▶ _What to do_: Provide again, from the entries below, every line from the one containing "Rühren Sie erneut" through the one containing "このときのりみちゃんは、バー", exactly as written, and no other line.

▶ _Supplied information_:
- Opening Delimiter -
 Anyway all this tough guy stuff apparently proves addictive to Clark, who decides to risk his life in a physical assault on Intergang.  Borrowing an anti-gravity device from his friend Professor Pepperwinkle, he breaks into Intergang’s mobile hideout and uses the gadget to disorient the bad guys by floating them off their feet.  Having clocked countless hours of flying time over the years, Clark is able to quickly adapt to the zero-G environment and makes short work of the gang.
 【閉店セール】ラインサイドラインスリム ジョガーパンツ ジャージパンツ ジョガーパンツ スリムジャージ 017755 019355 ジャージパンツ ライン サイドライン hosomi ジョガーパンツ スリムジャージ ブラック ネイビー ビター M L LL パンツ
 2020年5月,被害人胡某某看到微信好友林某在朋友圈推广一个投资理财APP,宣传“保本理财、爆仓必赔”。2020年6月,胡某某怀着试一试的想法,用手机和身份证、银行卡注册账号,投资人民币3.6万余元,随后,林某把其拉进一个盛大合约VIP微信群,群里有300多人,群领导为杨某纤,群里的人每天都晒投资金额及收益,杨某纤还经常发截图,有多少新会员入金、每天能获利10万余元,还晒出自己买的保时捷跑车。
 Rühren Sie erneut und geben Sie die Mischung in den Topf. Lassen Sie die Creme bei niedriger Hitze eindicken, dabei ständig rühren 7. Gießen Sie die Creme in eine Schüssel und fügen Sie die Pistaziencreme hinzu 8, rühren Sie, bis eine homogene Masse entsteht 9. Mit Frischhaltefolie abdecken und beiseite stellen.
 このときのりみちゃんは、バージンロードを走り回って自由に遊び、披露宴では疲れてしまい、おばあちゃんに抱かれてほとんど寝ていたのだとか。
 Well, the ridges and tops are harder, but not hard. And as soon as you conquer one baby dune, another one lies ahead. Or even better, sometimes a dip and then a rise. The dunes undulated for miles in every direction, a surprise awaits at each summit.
- Closing Delimiter -
- Opening Delimiter -
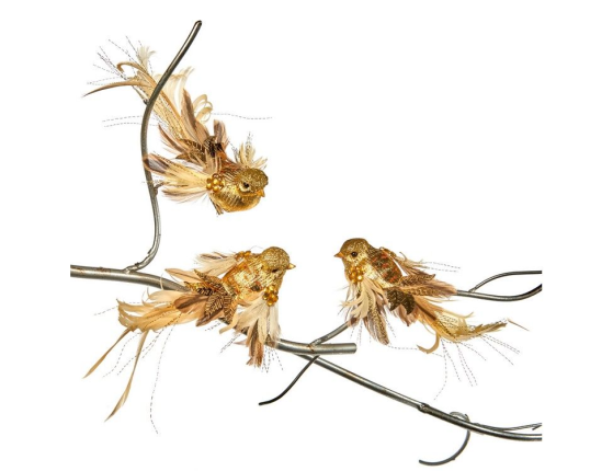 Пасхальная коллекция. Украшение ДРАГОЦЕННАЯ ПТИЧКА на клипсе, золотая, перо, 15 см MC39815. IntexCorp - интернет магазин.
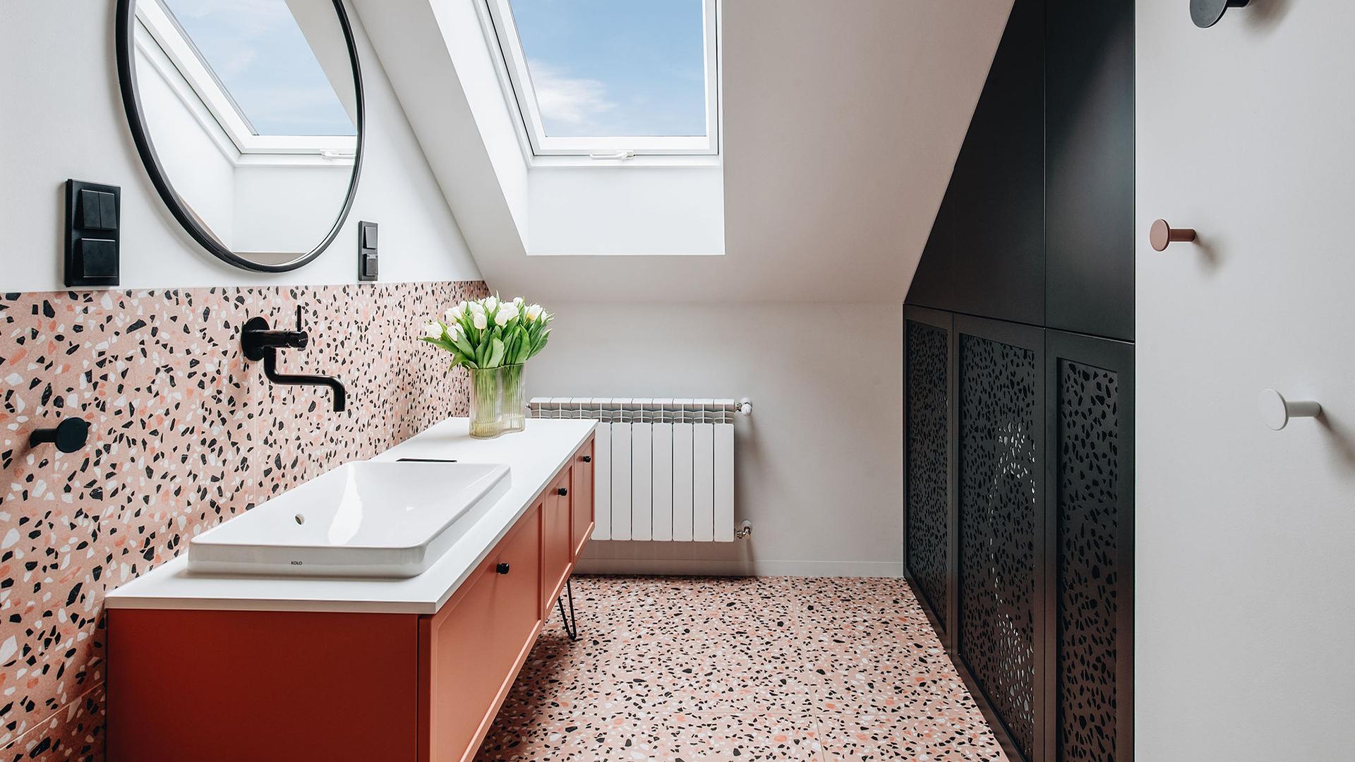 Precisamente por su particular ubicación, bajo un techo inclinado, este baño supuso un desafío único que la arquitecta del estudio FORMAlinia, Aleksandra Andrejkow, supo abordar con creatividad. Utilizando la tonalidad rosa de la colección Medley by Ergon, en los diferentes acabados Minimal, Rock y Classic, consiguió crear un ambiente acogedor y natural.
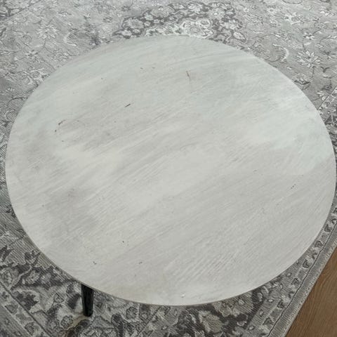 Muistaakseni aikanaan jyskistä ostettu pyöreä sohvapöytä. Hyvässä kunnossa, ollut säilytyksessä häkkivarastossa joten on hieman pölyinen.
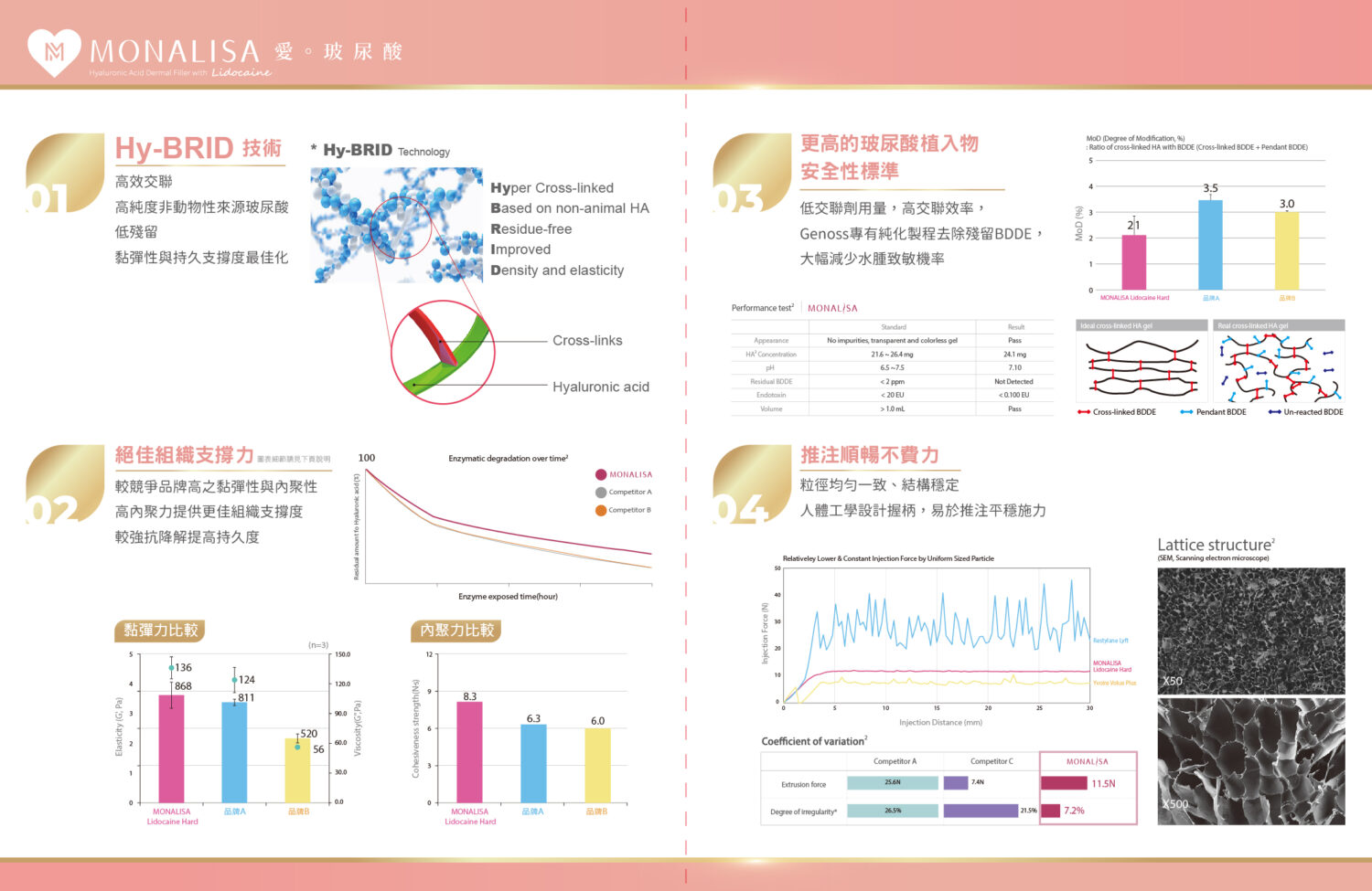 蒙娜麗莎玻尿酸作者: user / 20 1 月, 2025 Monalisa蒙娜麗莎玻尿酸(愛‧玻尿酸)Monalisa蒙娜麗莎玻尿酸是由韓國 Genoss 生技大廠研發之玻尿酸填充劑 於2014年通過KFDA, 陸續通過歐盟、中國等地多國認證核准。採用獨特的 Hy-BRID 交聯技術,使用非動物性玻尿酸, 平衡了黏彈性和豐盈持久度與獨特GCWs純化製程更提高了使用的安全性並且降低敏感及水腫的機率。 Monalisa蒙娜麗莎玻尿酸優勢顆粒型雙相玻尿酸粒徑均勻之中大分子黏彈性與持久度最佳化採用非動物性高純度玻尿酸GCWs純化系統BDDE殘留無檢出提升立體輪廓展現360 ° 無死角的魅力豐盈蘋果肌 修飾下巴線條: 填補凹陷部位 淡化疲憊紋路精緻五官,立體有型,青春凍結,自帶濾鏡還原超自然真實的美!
- Closing Delimiter -
- Opening Delimiter -
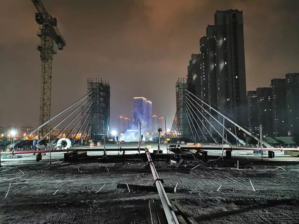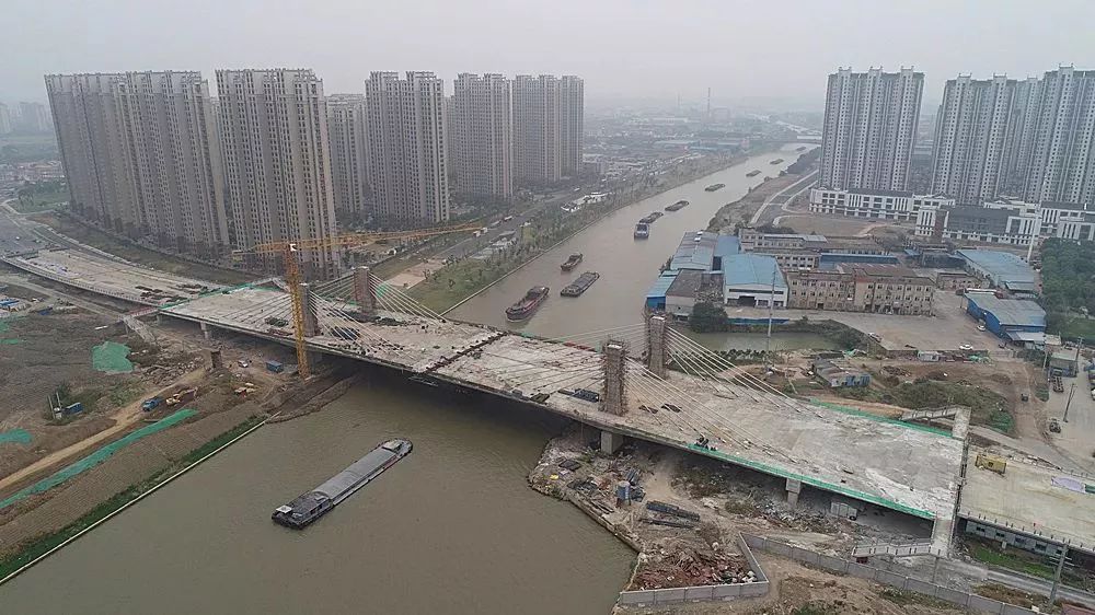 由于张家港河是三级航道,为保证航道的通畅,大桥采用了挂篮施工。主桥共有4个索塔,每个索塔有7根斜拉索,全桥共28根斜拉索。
- Closing Delimiter -
▶ _Written reply_:
 Rühren Sie erneut und geben Sie die Mischung in den Topf. Lassen Sie die Creme bei niedriger Hitze eindicken, dabei ständig rühren 7. Gießen Sie die Creme in eine Schüssel und fügen Sie die Pistaziencreme hinzu 8, rühren Sie, bis eine homogene Masse entsteht 9. Mit Frischhaltefolie abdecken und beiseite stellen.
 このときのりみちゃんは、バージンロードを走り回って自由に遊び、披露宴では疲れてしまい、おばあちゃんに抱かれてほとんど寝ていたのだとか。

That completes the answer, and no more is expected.